[Stored entries]:
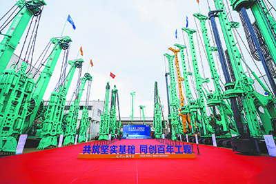中國工程機械工業(yè)協(xié)會樁工機械分會會長崔太剛;上海機電股份有限公司紀委書記丁靜羽;股份公司黨委書記、董事長、首席執(zhí)行官曾光安,執(zhí)行董事、高級副總裁文武,高級副總裁黃祥全,副總裁、上海金泰董事長袁世國;上海金泰黨委書記、副總經(jīng)理陳雪英,總經(jīng)理黎隸萬等出席活動。
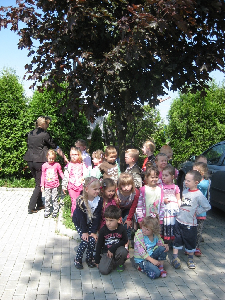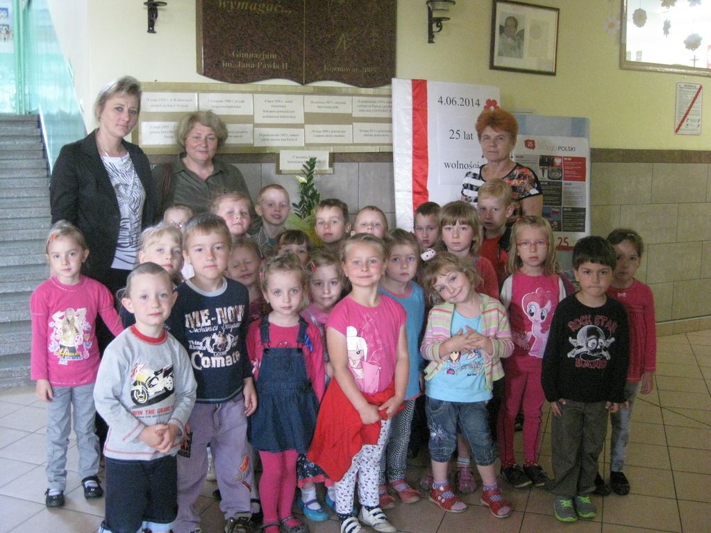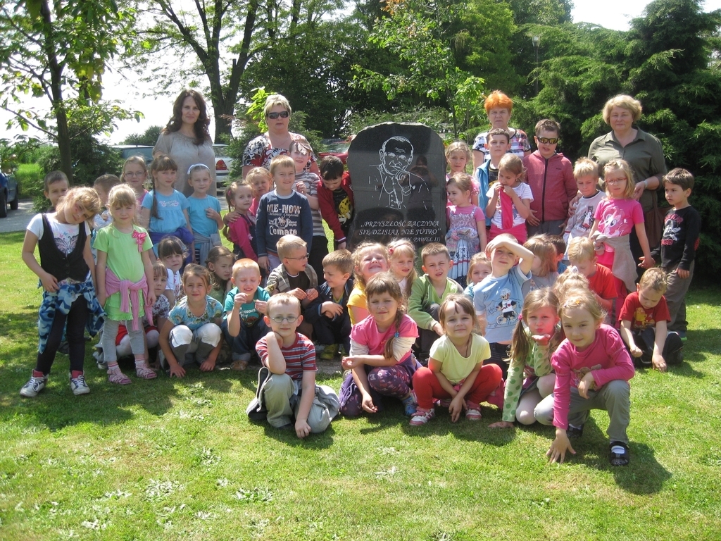 Jest to już druga wizyta w naszym gimnazjum przedszkolaków, którzy zwiedzili Izbę Tradycji poświęconą Patronowi oraz „mini” muzeum. Dzieci miały możliwość obejrzenia pamiątek papieskich zgromadzonych przez naszą szkołę, prac i plakatów uczniów. Najbardziej podobały im się złote róże papieskie przywiezione z Częstochowy. Zachwycali się maśniczką, wirówką do mleka, lampami naftowymi oraz mazelonkami. Jedna z dziewczynek zdobyła się na odwagę i pozwoliła nałożyć na siebie śląski strój razem z wiankiem. Goście oglądali tablicę pamiątkową poświęconą Św. Janowi Pawłowi II, obelisk przed szkołą i szukali drzewa – klonu papieskiego. Przy obelisku przedszkolaki zapalili znicz. W ramach przerwy pobiegali po boisku wielofunkcyjnym oraz sali gimnastycznej. Dzieci zwiedziły także bibliotekę szkolną, gdzie oglądały albumy i książki poświęcone naszemu Patronowi. Na koniec czekał na nich poczęstunek.
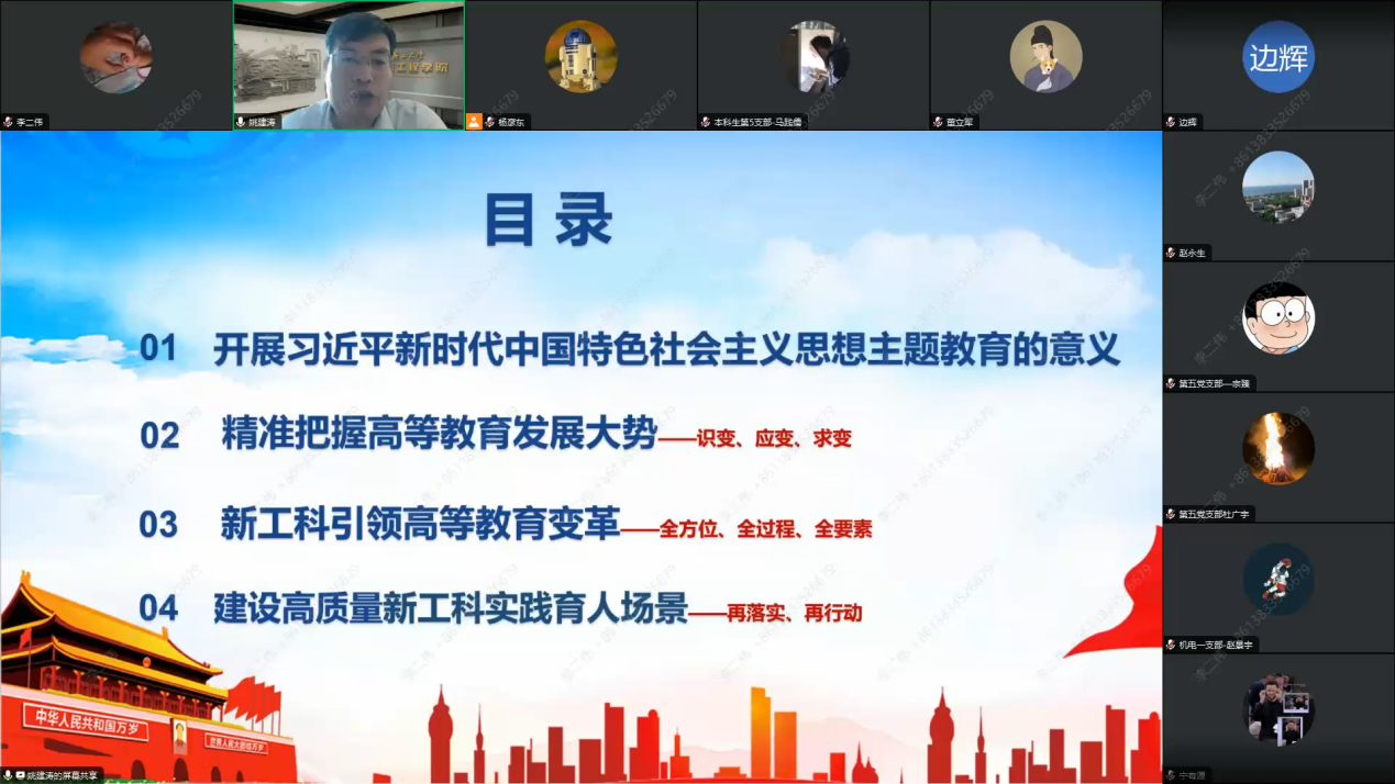 副院长姚建涛以《担任“四个服务使命”,坚持“三位一体”部署——探索高质量新工科实践育人场景》为题讲授主题教育专题党课。
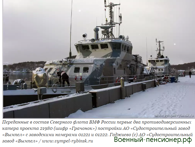 Сданные 23 ноября 2016 года эти два катера стали первыми единицами проекта 21980 постройки АО «ССЗ «Вымпел», и в целом 11-м и 12-м катерами типа «Грачонок» в составе ВМФ России, и первыми катерами этого проекта на Северном флоте. Ранее с 2010 по 2014 годы ВМФ России получил десять противодиверсионных катеров проекта 21980 (семь были построены на АО «Зеленодольский завод имени А.М. Горького» в Зеленодольске и три - на ОАО "Восточная верфь" во Владивостоке). Из этих катеров пять находятся в составе Черноморского флота, три - Тихоокеанского флота, и по одному - в составе Балтийского флота и Каспийской флотилии. Законтрактовано строительство еще 12 катеров типа «Грачонок» - четырех на АО «Судостроительный завод «Вымпел» в Рыбинске, трех - на Зеленодольском заводе, и трех - на Восточной верфи.
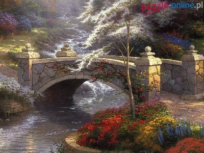 Mostek, Zieleń, Park, Rzeczka, Kwiaty
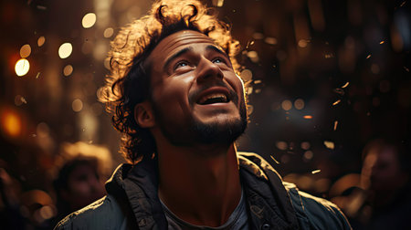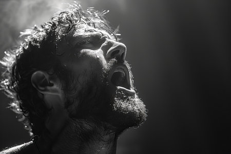 Model posing with light illuminating her face and looking up with a sense of awe and wonder. Ai generated
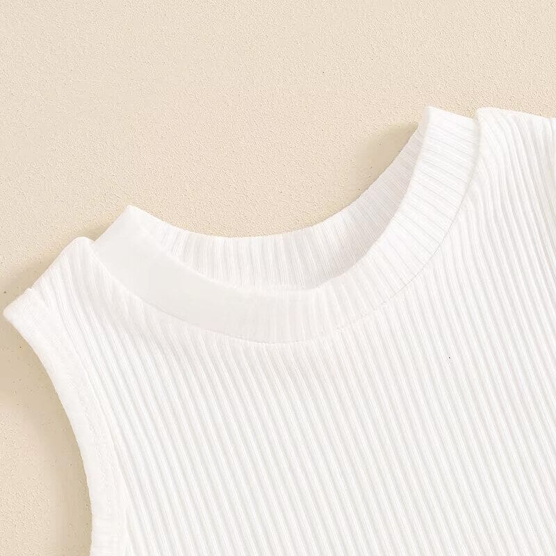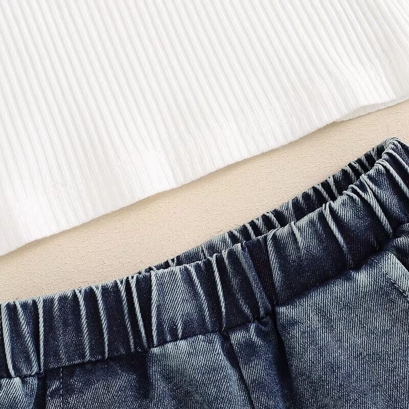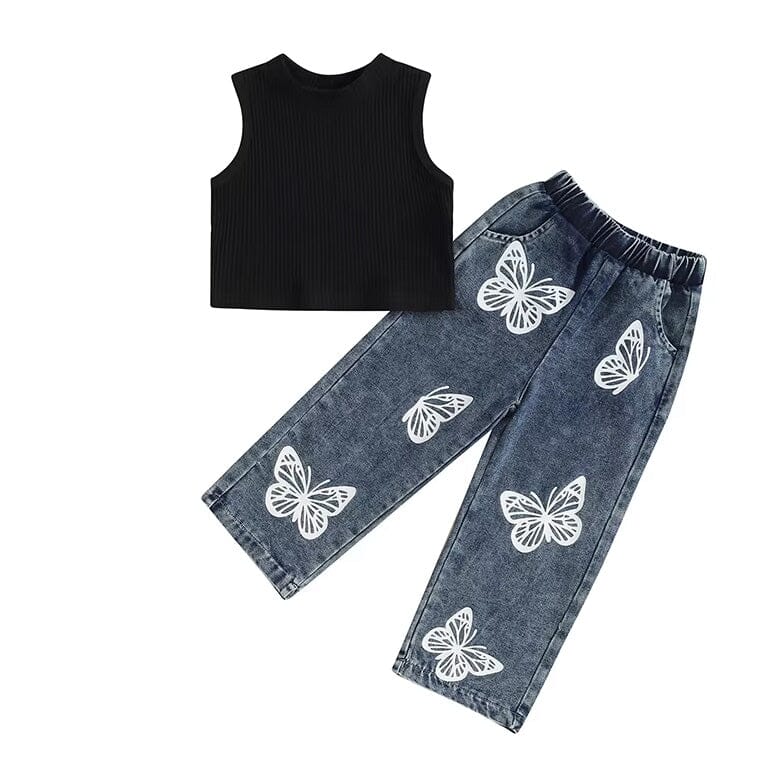 This versatile toddler girl set offers two stylish tank tops—one in classic white and the other in bold black - paired with charming denim jeans adorned with white floral and butterfly appliqués. The soft, stretchable tank tops ensure comfort throughout the day, making them ideal for active little ones. The jeans feature a comfortable elastic waistband and a playful design that brings a dash of whimsy to everyday wear. Perfect for a sunny day out or a casual gathering, this set is designed to keep your little fashionista both comfortable and stylish.
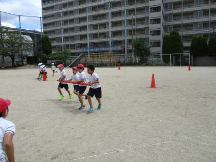 今日は団体競技の「台風の目」の練習をしました。初めて棒を使って、走ったり跳んだりしました。頑張れという応援の声がたくさん聞こえてきました。
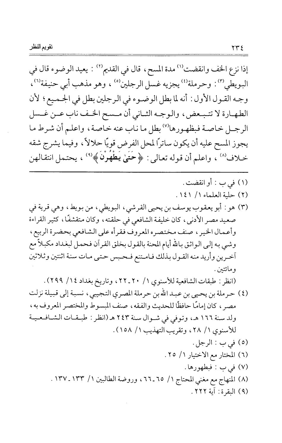 إِذا نزع الْخُف وَانْقَضَت مُدَّة الْمسْح، قَالَ فِي الْقَدِيم: يُعِيد الْوضُوء قَالَ فِي الْبُوَيْطِيّ: وحرملة يجْزِيه غسل الرجلَيْن، وَهُوَ مَذْهَب أبي حنيفَة، وَجه القَوْل الأول: أَنه لما بَطل الْوضُوء فِي الرجلَيْن بَطل فِي الْجَمِيع؛ لِأَن الطَّهَارَة لَا تتبعض، وَالْوَجْه الثَّانِي أَن مسح الْخُف نَاب عَن غسل الرجل خَاصَّة فبظهورها بَطل مَا نَاب عَنهُ خَاصَّة، وَاعْلَم أَن شَرط مَا يجوز الْمسْح عَلَيْهِ أَن يكون ساترا لمحل الْفَرْض قَوِيا حَلَالا، وَفِيمَا يشرج شقَّه خلاف، وَاعْلَم أَن قَوْله تَعَالَى: {حَتَّى يطهرن} ، يحْتَمل انتقالهن
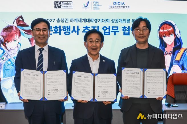 2027 충청 유니버시아드대회 조직위원회(위원장 강창희, 이하 조직위)는 10일 대전 e스포츠 경기장 ‘드림 아레나’에서 대전정보문화산업진흥원(이하 진흥원), ㈜님블뉴런과 e스포츠 연계 문화행사 추진을 위한 업무협약(MOU)을 체결했다고 밝혔다.
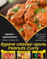 Куряче стегно-гриль Peanuts CurryСоковите куряче стегно, замариноване з спеціями, та запечене до готовності на грилі – однозначно викличе у вас задоволення.
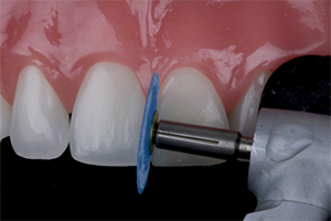 The other commonly used tools for finishing and polishing anterior composites are flexible polishing discs (i.e. Sof-Lex Contouring and Polishing Discs, 3M ESPE; FlexiDisc, Cosmedent). These contain aluminum oxide particles of different sizes ranging from 5 microns (super fine) to 14 microns (fine) to 29 microns (medium) to 100 microns (coarse). The medium and coarse discs can finish and recontour the restoration. Several studies have compared the polish achieved with flexible polishing discs to the polishing points, with some studies showing an advantage with the points10 and others with the discs.11 Practically, the advantage of polishing discs in anterior restorations is that these discs are flexible and will often help to create smooth contours of the restoration. They can also adapt to embrasure spaces (Fig. 11).
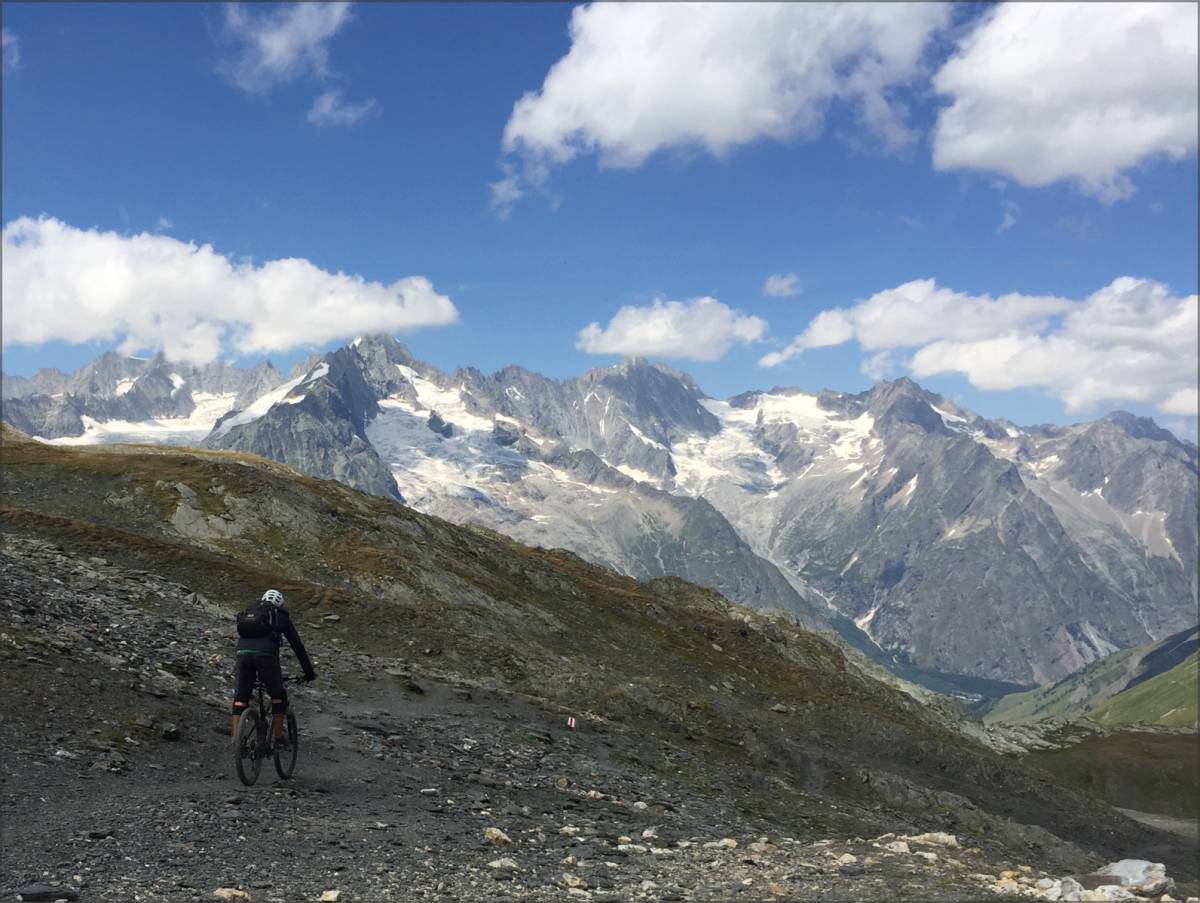 Suit la première belle descente sur les lacs des Fenêtre , environ 250m de D- avec des passages bien roulants et en toile de fond le massif du Mt Blanc. Du pur bonheur !

[Task objective]:
For the entries above, print exactly the lines between the one with "Model posing with" and the one with "今日は団体競技の「台風の目」", inclusive, with no pictures.

[Result of the task]:
 Model posing with light illuminating her face and looking up with a sense of awe and wonder. Ai generated
 This versatile toddler girl set offers two stylish tank tops—one in classic white and the other in bold black - paired with charming denim jeans adorned with white floral and butterfly appliqués. The soft, stretchable tank tops ensure comfort throughout the day, making them ideal for active little ones. The jeans feature a comfortable elastic waistband and a playful design that brings a dash of whimsy to everyday wear. Perfect for a sunny day out or a casual gathering, this set is designed to keep your little fashionista both comfortable and stylish.
 今日は団体競技の「台風の目」の練習をしました。初めて棒を使って、走ったり跳んだりしました。頑張れという応援の声がたくさん聞こえてきました。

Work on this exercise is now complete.